The title of that chapter: “The Mount.”

It was Chuck's birthday, and we were meeting some of his friends at a bar to celebrate. I arrived late because I'd been training. So I rushed into the bar to get my party on, and someone asked, “How was your practice?”

I impulsively replied, “Great! I had the best roll with Owen.”

Silence. Eyes shifted to Chuck. “You okay with this?”

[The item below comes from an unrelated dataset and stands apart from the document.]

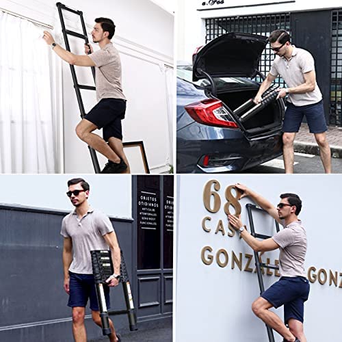 ✔【Portable and Compact】:The lighter weight telescoping ladder and the handrail designed at the bottom make the ladder easy to carry to common scenarios, while the extension ladder can be easily stored under beds, in corners, in storage cabinets and in cars.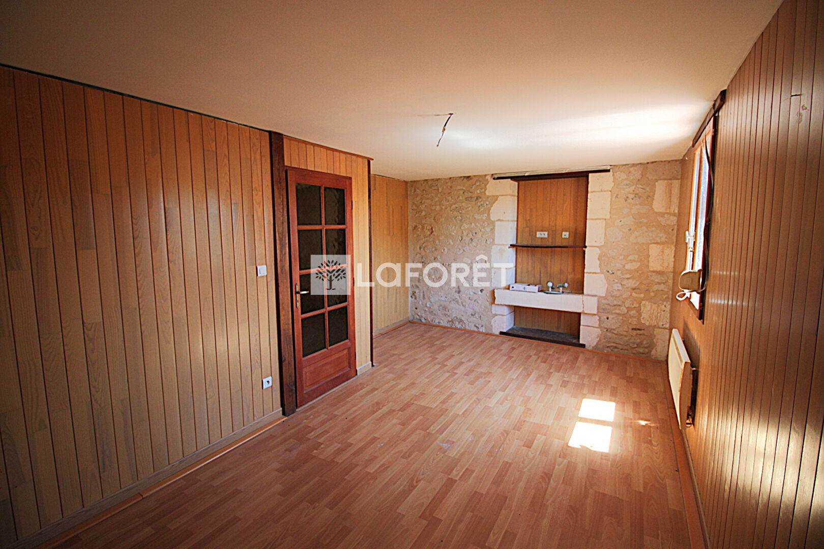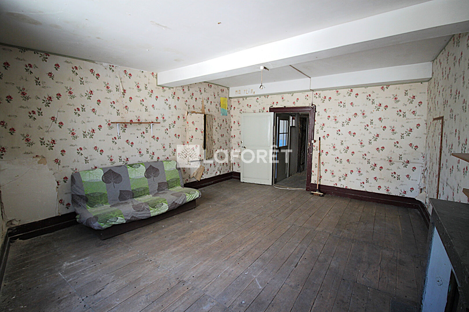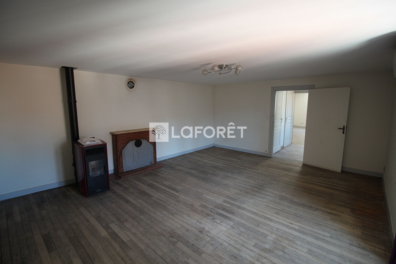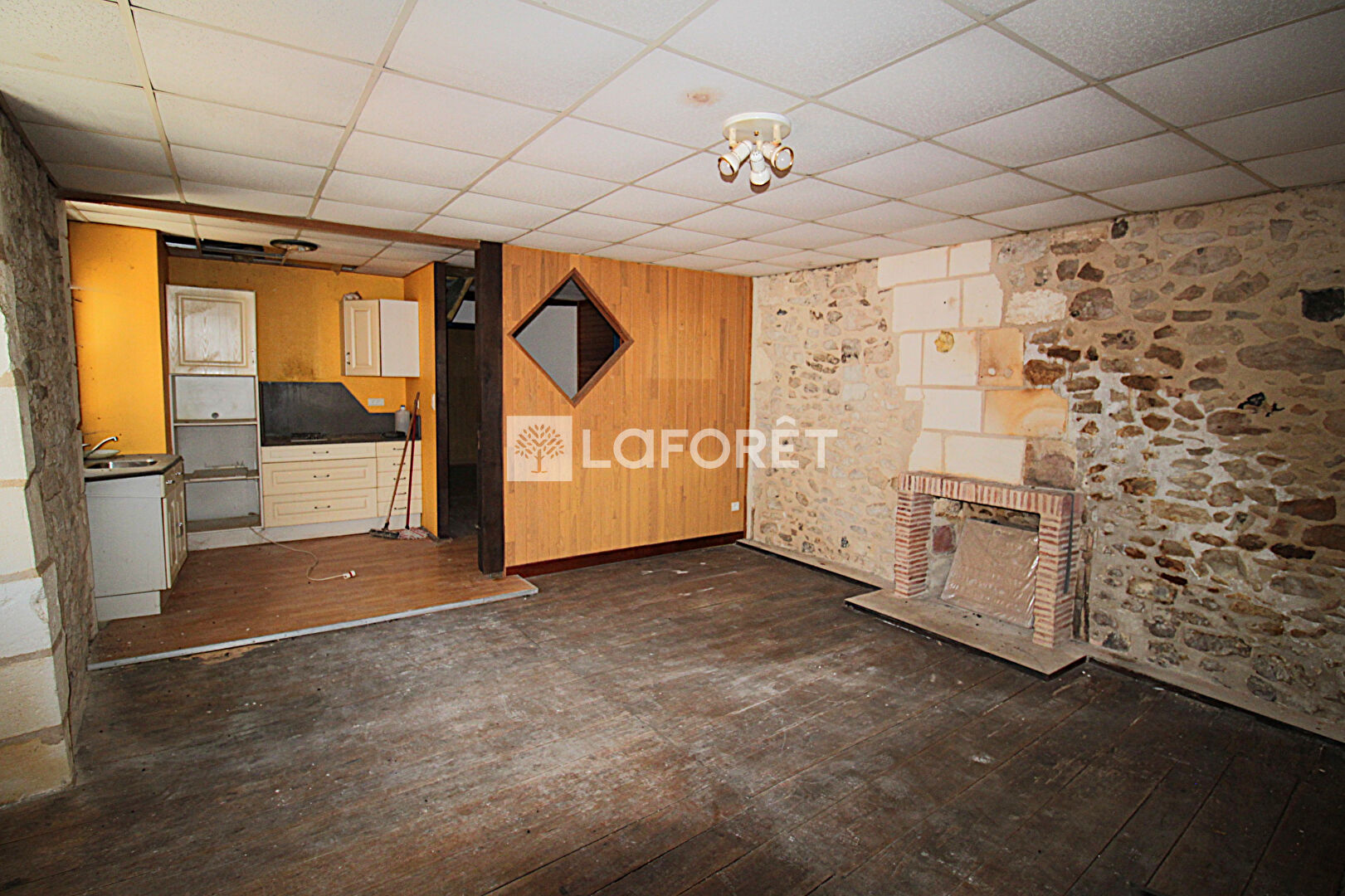 Une première entrée d'environ 22 m², une seconde entrée d'environ 26 m² avec une cheminée en pierre. Une grande pièce brute d'environ 53 m² offre de nombreuses possibilités d'aménagement. Un escalier mène à l'étage supérieur.

Chuck just shrugged. “Happens all the time.”

31
Hello Worlds

We got a great big job to do.
Yeah, we need you.

— Marvin Gaye, “The Onion Song”
From the
Complete Duets
album

I
gave up coaching. I committed to improving my breathing. I continued to work toward emotional stability. But to what end? In the back of my head, I had wanted to train for Pan Ams that March, but the whole ordeal with the doctor saying I should have surgery had crushed my confidence, and I didn't feel ready. But something kept nagging me like a tiny sliver—you can't see it, but it keeps poking you. The next big tournament was the World Championships in June. It's a huge tournament in southern California. That would give me five months to train. I felt that if I committed to it, I could be ready to compete in June. I knew that if I made my intentions public, I would follow through. I needed something bigger than just me to hold myself accountable to my goal.

I don't have a history of letting a lot of people know what I am doing. Maybe it's because I wonder why anyone would care. Maybe it's because I think it's none of their business. Maybe it's because if I don't follow through, then I won't be letting people down. I let myself down all the time, but I never let other people down. When my friend was training for her first marathon, she asked me to train with her. The deal was that when she called I would meet her, rain or shine, whatever hour, and I always did. She needed me to make herself train, she said. Years later, I decided to run a marathon, but I didn't tell anyone—except my immediate family because I had to be gone for several hours at a time. After it was over and word got out, my friend asked me why I didn't ask her to train with me. I assured her it wasn't personal, that I hadn't asked anyone to train with me. I knew I would run the marathon no matter what—I had promised my sister-in-law that I would, it was her idea (she's an ultra-marathoner)—but what if I didn't want to follow a training plan, if I ran slowly, or if I wanted to stop in the middle? Who really cared if I was training to run a marathon anyway? But I couldn't train for a Jiu-Jitsu tournament by myself. I needed help, lots of help.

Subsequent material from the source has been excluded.